Segment Start: RECORDED INFORMATION
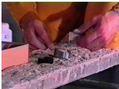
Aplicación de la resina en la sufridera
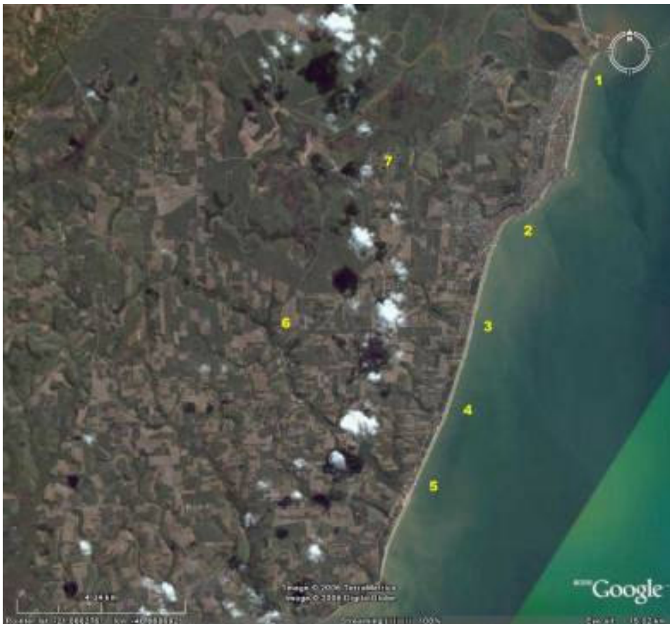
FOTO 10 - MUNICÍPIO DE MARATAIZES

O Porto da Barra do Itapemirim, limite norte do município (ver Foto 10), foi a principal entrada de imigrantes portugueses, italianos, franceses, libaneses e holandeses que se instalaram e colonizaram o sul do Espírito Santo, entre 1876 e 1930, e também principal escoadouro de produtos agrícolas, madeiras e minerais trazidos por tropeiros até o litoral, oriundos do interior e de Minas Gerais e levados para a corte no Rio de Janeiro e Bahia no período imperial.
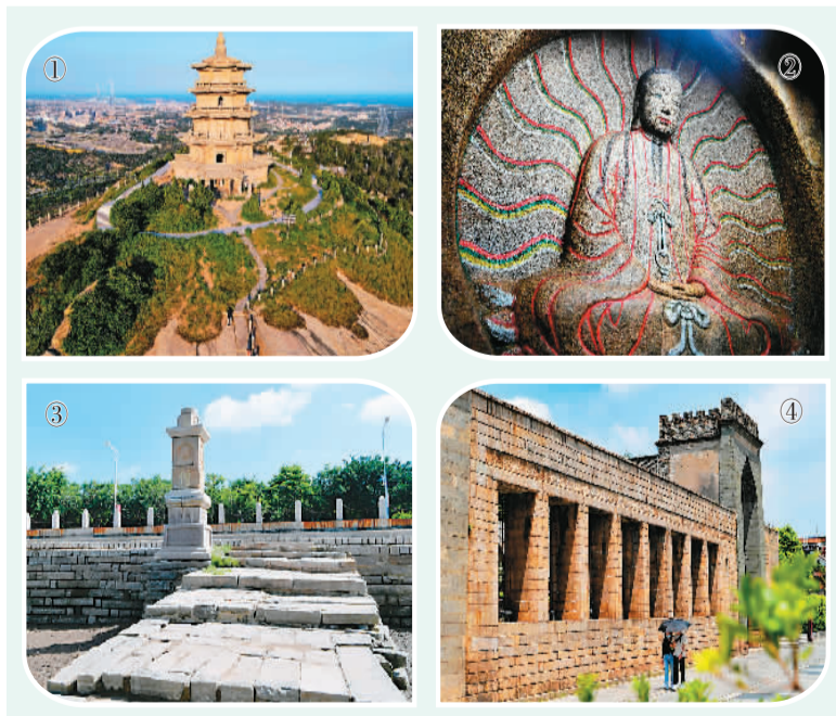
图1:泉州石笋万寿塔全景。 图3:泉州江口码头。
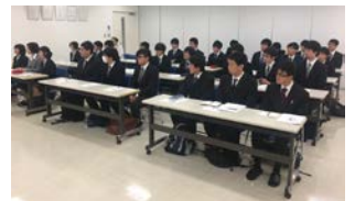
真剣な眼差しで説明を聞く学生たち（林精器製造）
Segment End: RECORDED INFORMATION
Segment Start: RECORDED INFORMATION
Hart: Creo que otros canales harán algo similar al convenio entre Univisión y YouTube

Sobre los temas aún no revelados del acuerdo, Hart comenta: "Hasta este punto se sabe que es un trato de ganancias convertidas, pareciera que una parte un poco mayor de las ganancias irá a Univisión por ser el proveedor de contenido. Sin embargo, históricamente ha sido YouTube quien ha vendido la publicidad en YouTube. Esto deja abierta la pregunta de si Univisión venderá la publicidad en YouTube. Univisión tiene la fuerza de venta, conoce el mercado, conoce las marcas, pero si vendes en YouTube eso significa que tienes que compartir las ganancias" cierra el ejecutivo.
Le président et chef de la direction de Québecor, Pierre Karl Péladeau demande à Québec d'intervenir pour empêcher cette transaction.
Segment End: RECORDED INFORMATION
_INSTRUCTIONS FOR THE TASK_
Look through the entries above, and wherever a line holds the word "Univisión", copy it.

_OUTPUT BELOW_
Hart: Creo que otros canales harán algo similar al convenio entre Univisión y YouTube
Sobre los temas aún no revelados del acuerdo, Hart comenta: "Hasta este punto se sabe que es un trato de ganancias convertidas, pareciera que una parte un poco mayor de las ganancias irá a Univisión por ser el proveedor de contenido. Sin embargo, históricamente ha sido YouTube quien ha vendido la publicidad en YouTube. Esto deja abierta la pregunta de si Univisión venderá la publicidad en YouTube. Univisión tiene la fuerza de venta, conoce el mercado, conoce las marcas, pero si vendes en YouTube eso significa que tienes que compartir las ganancias" cierra el ejecutivo.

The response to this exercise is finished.